### WORK ORDER
Everything from the line with "Prism Blue Shared" to the line with "- Ultra-Strong Weight" in the listing below, both lines included, needs to be copied exactly, apart from the pictures.

### INFORMATION

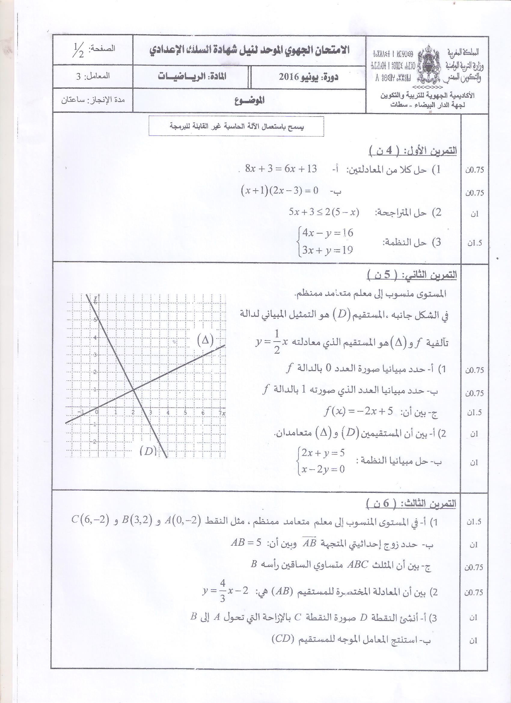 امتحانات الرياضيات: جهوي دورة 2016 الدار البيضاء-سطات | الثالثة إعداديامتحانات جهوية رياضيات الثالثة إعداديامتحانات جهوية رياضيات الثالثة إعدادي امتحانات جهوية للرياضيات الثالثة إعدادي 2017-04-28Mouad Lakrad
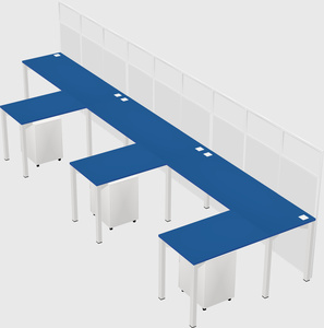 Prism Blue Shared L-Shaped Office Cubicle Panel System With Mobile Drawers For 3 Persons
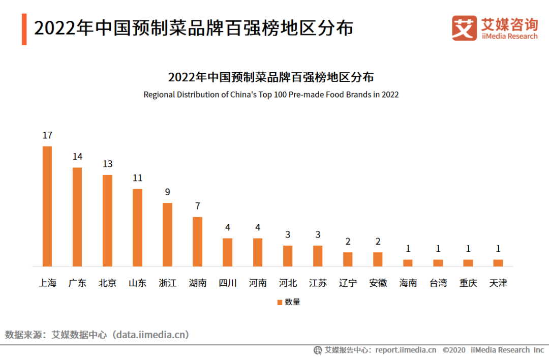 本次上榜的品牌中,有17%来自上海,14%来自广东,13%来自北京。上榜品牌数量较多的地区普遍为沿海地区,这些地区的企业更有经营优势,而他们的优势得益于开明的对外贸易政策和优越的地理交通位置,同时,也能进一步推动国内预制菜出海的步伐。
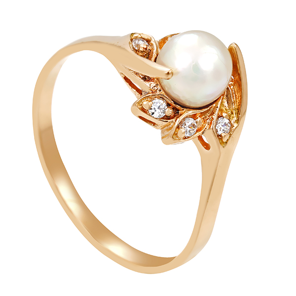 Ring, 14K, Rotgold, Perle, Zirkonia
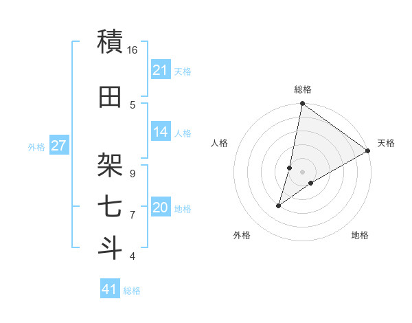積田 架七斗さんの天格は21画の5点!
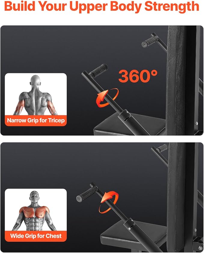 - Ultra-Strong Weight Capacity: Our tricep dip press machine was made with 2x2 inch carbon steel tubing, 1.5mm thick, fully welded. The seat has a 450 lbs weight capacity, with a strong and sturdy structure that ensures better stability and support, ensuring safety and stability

--

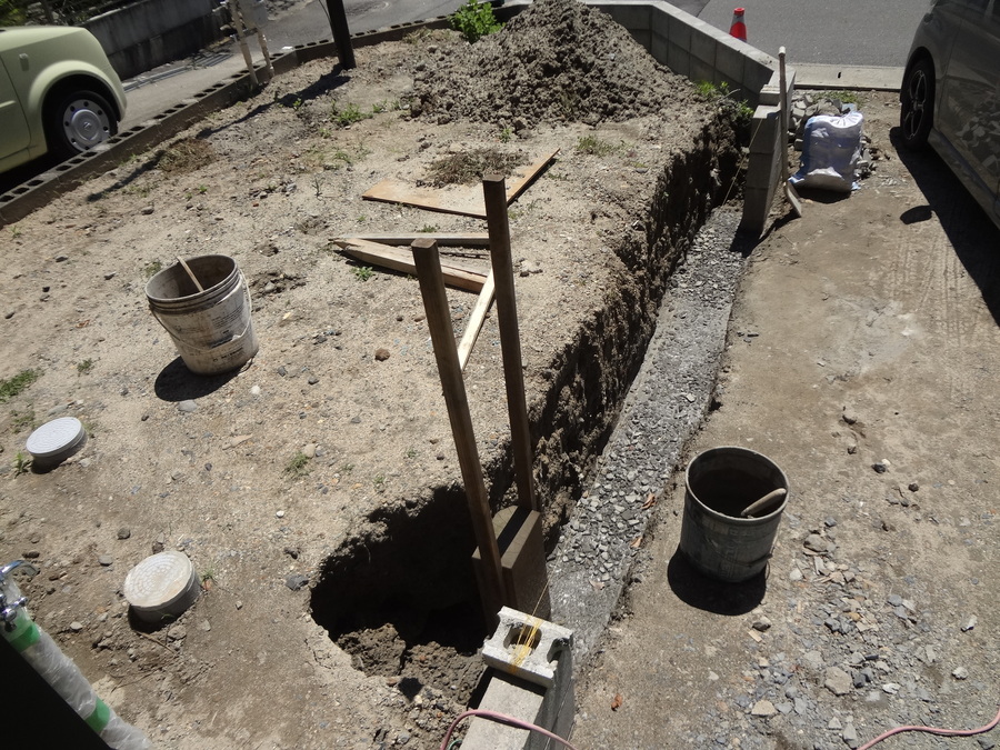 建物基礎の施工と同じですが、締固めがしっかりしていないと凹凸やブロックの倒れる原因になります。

### EXERCISE SOLUTION
 Prism Blue Shared L-Shaped Office Cubicle Panel System With Mobile Drawers For 3 Persons
 本次上榜的品牌中,有17%来自上海,14%来自广东,13%来自北京。上榜品牌数量较多的地区普遍为沿海地区,这些地区的企业更有经营优势,而他们的优势得益于开明的对外贸易政策和优越的地理交通位置,同时,也能进一步推动国内预制菜出海的步伐。
 Ring, 14K, Rotgold, Perle, Zirkonia
積田 架七斗さんの天格は21画の5点!
 - Ultra-Strong Weight Capacity: Our tricep dip press machine was made with 2x2 inch carbon steel tubing, 1.5mm thick, fully welded. The seat has a 450 lbs weight capacity, with a strong and sturdy structure that ensures better stability and support, ensuring safety and stability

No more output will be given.